From her own studies, Dr. Samms-Vaughan points to the long arms of poverty impacting all aspects of development in the lives of six-year-old Jamaican children. It affects their growth (low height for age), cognitive function and educational attainment (poor children have lower scores on cognitive function and academic tests than rich children) and behavioural outcomes (more problem behaviours such as withdrawal, anxiety, depression, attention problems, delinquency, aggression, stealing, truancy).

From her own local studies again, Dr. Samms-Vaughan indicated that the direct pressure of poverty on children through a lack of basic goods and services, less available food, more hunger, malnutrition, poor sanitation and housing, fewer toys and less frequent school attendance than their peers.

FAMILY STRUCTURE

The parent relationships and parent-child interactions are also affected by poverty, which brings us to Dr. Samms-Vaughan's review of the impact of family structure and parenting on children. Studies from Western societies, she indicated, have found that children from father-absent homes exhibit more problem behaviours (sadness, depression, delinquency, aggression, sex role difficulties, early initiation of sexual activity, teen pregnancy, poor social and adaptive functioning and low self-esteem). Dr. Samms-Vaughan's studies on impact of local family structure on children produce very similar results.

"The absence of the typical Western family and social structure and its replacement by the mix of nuclear, patrifocal and matrifocal, and quasi-matrifocal family suggested to some that Jamaican children may not manifest similar behaviours.
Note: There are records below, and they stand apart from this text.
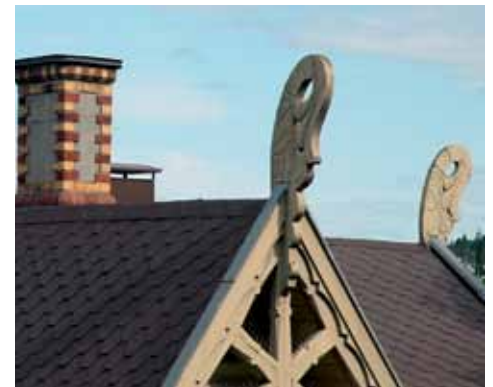
T.h.: Takdekor på dragestilsvilla, Mosseveien, Nordstrand Oslo. Legg også merke til de fine, pipene.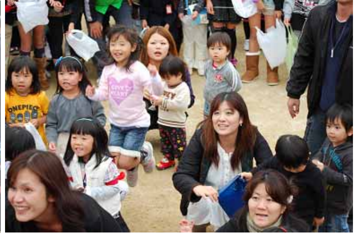
お餅、こっちこっち！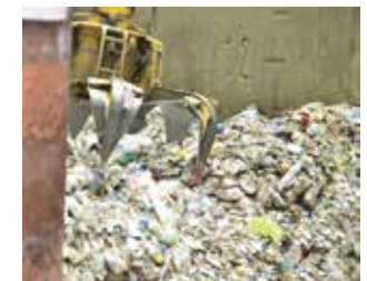
焼却するごみを集める場所「ごみピット」の様子

この経費の内訳をみると、可燃ごみの焼却が約13億円が一番多く、次いでごみ収集の経費が約10億円となっています。

However, Jamaican children who live in less stable common-law and visiting unions, and those in single-parent homes or homes with a biological and surrogate parent are more withdrawn in their interactions with others, have more delinquent behaviours and are more aggressive to others," she said.

Child shifting (moving children from home to home) is also stressful on children physically (they must adjust to their new environment) and even more so, emotionally.

So, the research is there (and has always been there) but who will take responsibility for implementation of findings.